Concerns About Drugs and Satanic Sects

The Lutheran clergyman is also worried about what visitors the park might attract. He says that the town's medieval festival, which attracted 30,000 people this summer, also brought drugs and satanic sects into Sighisoara's idyllic, cobblestoned lanes.

Fröhlich opposes the project on other grounds, as well. For one, the project would mean the destruction of a nature preserve with centuries-old oaks to make way for the hilltop city.

He also questions the rosy economic forecasts for the town, which is located in the middle of Romania and served by a transportation infrastructure lagging far behind international standards. Even if busloads of tourists were to descend on Sighisoara, Fröhlich maintains that most of the town's residents would merely feel an increase in the cost of living.

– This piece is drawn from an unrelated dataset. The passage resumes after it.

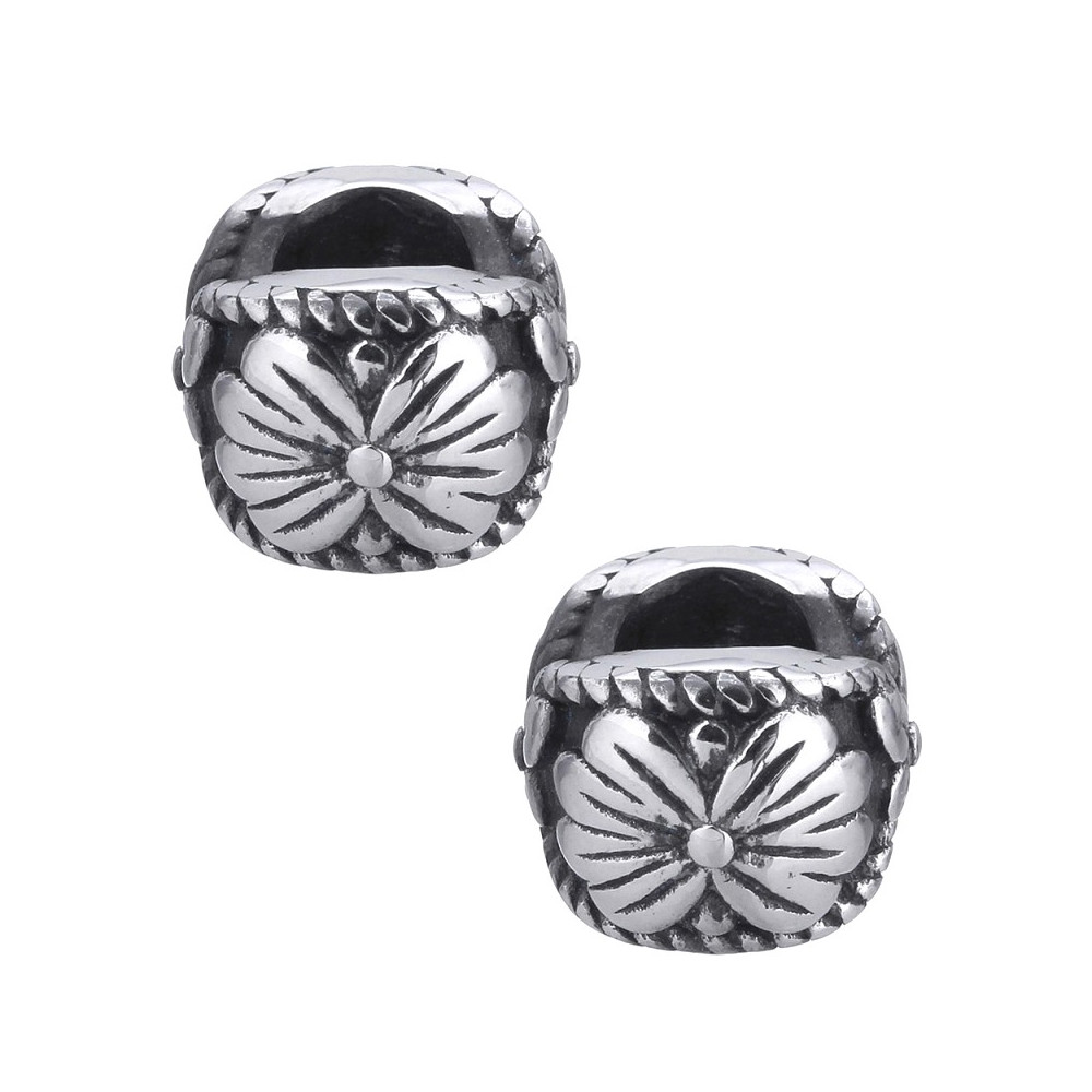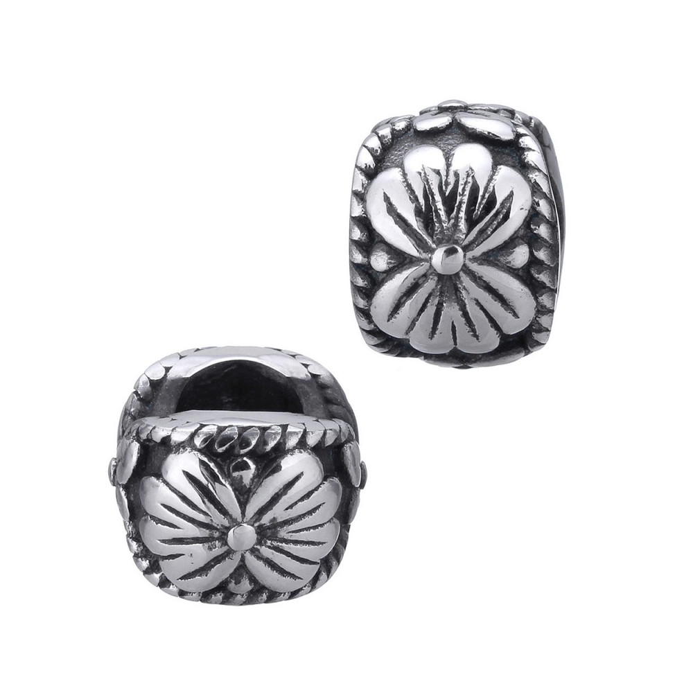 Korálek s ornamentem kytičky ve starostříbrné patině z chirurgická oceli

Lastly, the pastor claims that a theme park would create the impression that Dracula actually built the town, while in reality it was constructed in the Middle Ages by settlers from Germany, the ancestors of Romania's dwindling ethnic-German minority, to which Fröhlich belongs.

"For what price do you give up your culture?" he asks. "I'm a simple pastor. I can't reverse government decrees or projects that have the backing of influence and money. But I do have common sense."

Fröhlich recently made a last-ditch appeal to Sighisoara's mayor, and he says he will try to rally support from the town's other churches.

In the meantime, preparations for Dracula Land continue. The final plans are to be followed by international bidding for building contracts. Construction of the project is projected to begin next spring.